The 36-hour day is a grinding reality for caregivers of patients with Alzheimer's disease, even worse than the burdens of caregivers for those who suffer with ALS (Lou Gehrig's disease), Parkinson's disease, multiple sclerosis and muscular dystrophy. Its strange mental states, its new developments, its sometimes threatening behavior, its clinging, its wandering, its wakefulness, its loss of inhibitions leading to foul language or disrobing, its eventual loss of physical abilities leading to incontinence and inability to feed oneself - all of these and more challenge caregivers day and night. Loving devotion cannot prevent frustration, weariness and emotional exhaustion. It is no wonder that so many of them also develop health problems.
Depending upon location, there are some sources of help for caregivers. Adult day care is an option in some communities if the patient is moveable and manageable. Respite programs bring to the home competent people to allow caregivers to go shopping, attend to business or just take a break. But these are not widely available, and some patients do not do well with "strangers." Sometimes other family members or friends can step in as temporary caregivers.

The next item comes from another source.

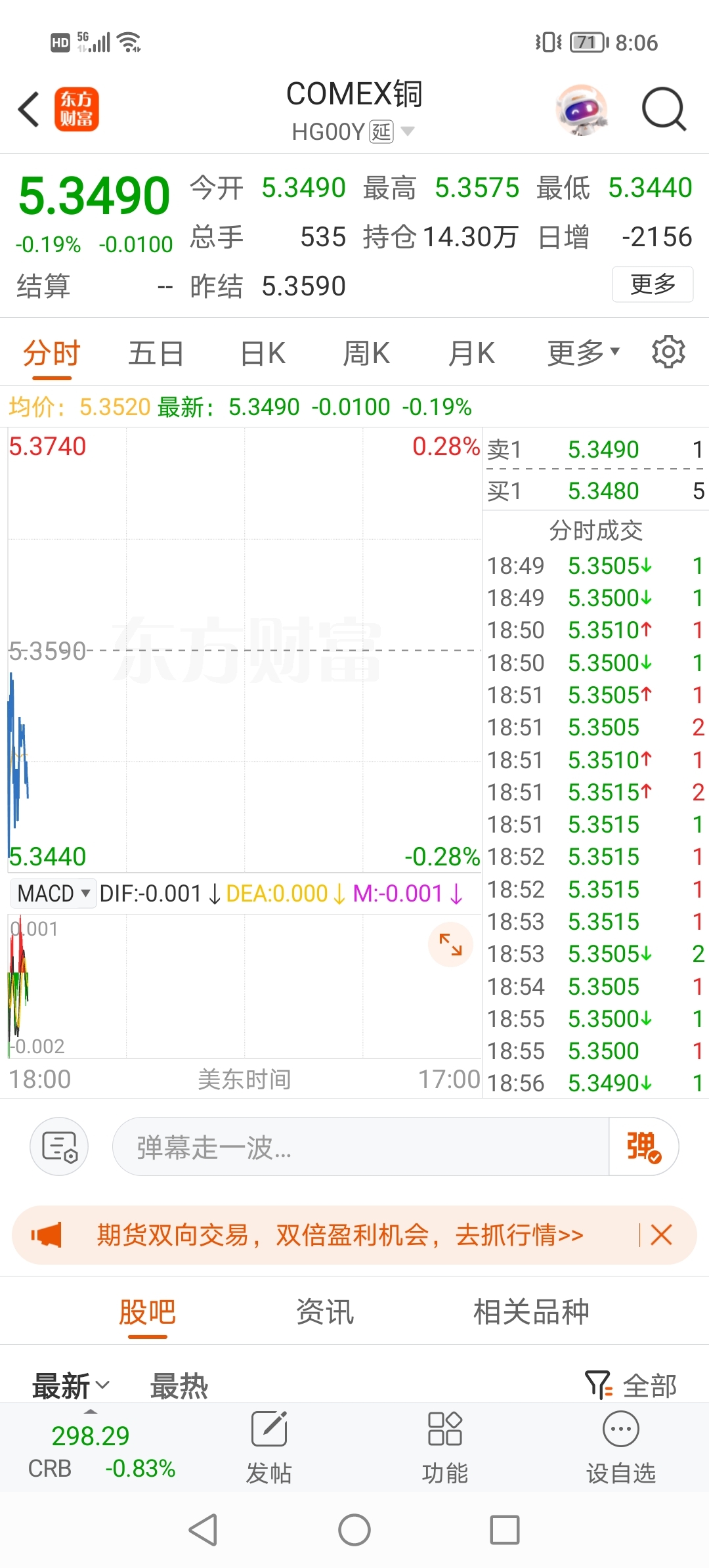 $紫金矿业(SH601899)$ 15日早盘,美铜继续低开低走

Advances in technology can help lighten the burden with such things as monitoring patients' location and condition. Peggy Luukkonen, who directs the ARDC program for the Coastal Regional Commission, welcomes consultations and can be reached at (800) 580-6860.
Most Alzheimer's patients eventually reach a level of deterioration that dictates a skilled-care facility. Problems include incontinence, inability to swallow food and water and the need for physical assistance in moving about or turning in bed. Caregivers often take this step with great reluctance. They see it as failure on their part or a broken promise to the patient or self. It is a clear sign of inevitable loss. They also know that some facilities provide good care for Alzheimer's patients, but others do not. The best guarantee of good care is to be there with the patient regularly, but an elderly spouse or working daughter or son might find that such visits are impossible.
Sometimes Alzheimer's disease destroys both patient and caregiver. Mr. and Mrs. VS are a clear example. They married after World War II, found work in industry, lived frugally, saved money carefully and retired to enjoy life together. Then Alzheimer's struck her but with limited evidence at first because she was a quiet, gentle person. She became clingy, followed him from room to room, never at ease with anyone else except a brother and sister-in-law. He cared for her lovingly, faithfully, but finally had to move her into a nursing home near their own home. He was there every day feeding her and keeping her company. Then he became a resident and patient, too. Even after she slipped into apparent unconsciousness, he sat beside her bed all day. At her funeral, he was just a shadow of himself. He died not long afterward. All of their savings were gone, that part of their lifetime devoured by the disease, which robbed them of their golden years together at its end.
Alzheimer's is a dread disease.
Roger G. Branch Sr. is professor emeritus of sociology at Georgia Southern University and is a retired pastor.